Take the records below and print them verbatim up to and including the line that carries "Круг шлифовальный абразивный, d=220мм, зерно".

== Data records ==
[Start of Attachment]
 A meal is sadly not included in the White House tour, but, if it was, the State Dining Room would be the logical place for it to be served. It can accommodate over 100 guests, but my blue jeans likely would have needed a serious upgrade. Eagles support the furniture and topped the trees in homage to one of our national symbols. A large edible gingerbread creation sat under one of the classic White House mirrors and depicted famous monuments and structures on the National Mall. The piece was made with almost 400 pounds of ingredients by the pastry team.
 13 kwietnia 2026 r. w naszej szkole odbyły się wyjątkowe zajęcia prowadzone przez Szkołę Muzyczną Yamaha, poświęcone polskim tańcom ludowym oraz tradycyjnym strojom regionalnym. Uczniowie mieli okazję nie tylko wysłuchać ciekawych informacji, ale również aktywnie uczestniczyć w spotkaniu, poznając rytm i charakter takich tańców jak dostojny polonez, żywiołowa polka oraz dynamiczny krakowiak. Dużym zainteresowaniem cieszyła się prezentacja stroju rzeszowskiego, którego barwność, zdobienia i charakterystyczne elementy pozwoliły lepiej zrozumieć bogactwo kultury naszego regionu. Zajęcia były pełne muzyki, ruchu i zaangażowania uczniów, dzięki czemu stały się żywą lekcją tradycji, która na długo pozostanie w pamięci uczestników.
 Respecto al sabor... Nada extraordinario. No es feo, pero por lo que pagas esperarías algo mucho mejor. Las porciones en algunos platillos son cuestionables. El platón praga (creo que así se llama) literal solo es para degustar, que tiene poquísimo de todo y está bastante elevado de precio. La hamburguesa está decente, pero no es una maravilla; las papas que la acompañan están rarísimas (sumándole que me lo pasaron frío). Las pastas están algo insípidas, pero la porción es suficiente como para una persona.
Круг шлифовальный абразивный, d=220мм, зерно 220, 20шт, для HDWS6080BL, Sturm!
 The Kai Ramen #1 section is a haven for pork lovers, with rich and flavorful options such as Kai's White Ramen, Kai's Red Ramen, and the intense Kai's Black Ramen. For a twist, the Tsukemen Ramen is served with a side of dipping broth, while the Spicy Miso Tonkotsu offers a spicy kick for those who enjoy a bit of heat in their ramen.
[End of Attachment]
== Output of the exercise ==
 A meal is sadly not included in the White House tour, but, if it was, the State Dining Room would be the logical place for it to be served. It can accommodate over 100 guests, but my blue jeans likely would have needed a serious upgrade. Eagles support the furniture and topped the trees in homage to one of our national symbols. A large edible gingerbread creation sat under one of the classic White House mirrors and depicted famous monuments and structures on the National Mall. The piece was made with almost 400 pounds of ingredients by the pastry team.
 13 kwietnia 2026 r. w naszej szkole odbyły się wyjątkowe zajęcia prowadzone przez Szkołę Muzyczną Yamaha, poświęcone polskim tańcom ludowym oraz tradycyjnym strojom regionalnym. Uczniowie mieli okazję nie tylko wysłuchać ciekawych informacji, ale również aktywnie uczestniczyć w spotkaniu, poznając rytm i charakter takich tańców jak dostojny polonez, żywiołowa polka oraz dynamiczny krakowiak. Dużym zainteresowaniem cieszyła się prezentacja stroju rzeszowskiego, którego barwność, zdobienia i charakterystyczne elementy pozwoliły lepiej zrozumieć bogactwo kultury naszego regionu. Zajęcia były pełne muzyki, ruchu i zaangażowania uczniów, dzięki czemu stały się żywą lekcją tradycji, która na długo pozostanie w pamięci uczestników.
 Respecto al sabor... Nada extraordinario. No es feo, pero por lo que pagas esperarías algo mucho mejor. Las porciones en algunos platillos son cuestionables. El platón praga (creo que así se llama) literal solo es para degustar, que tiene poquísimo de todo y está bastante elevado de precio. La hamburguesa está decente, pero no es una maravilla; las papas que la acompañan están rarísimas (sumándole que me lo pasaron frío). Las pastas están algo insípidas, pero la porción es suficiente como para una persona.
Круг шлифовальный абразивный, d=220мм, зерно 220, 20шт, для HDWS6080BL, Sturm!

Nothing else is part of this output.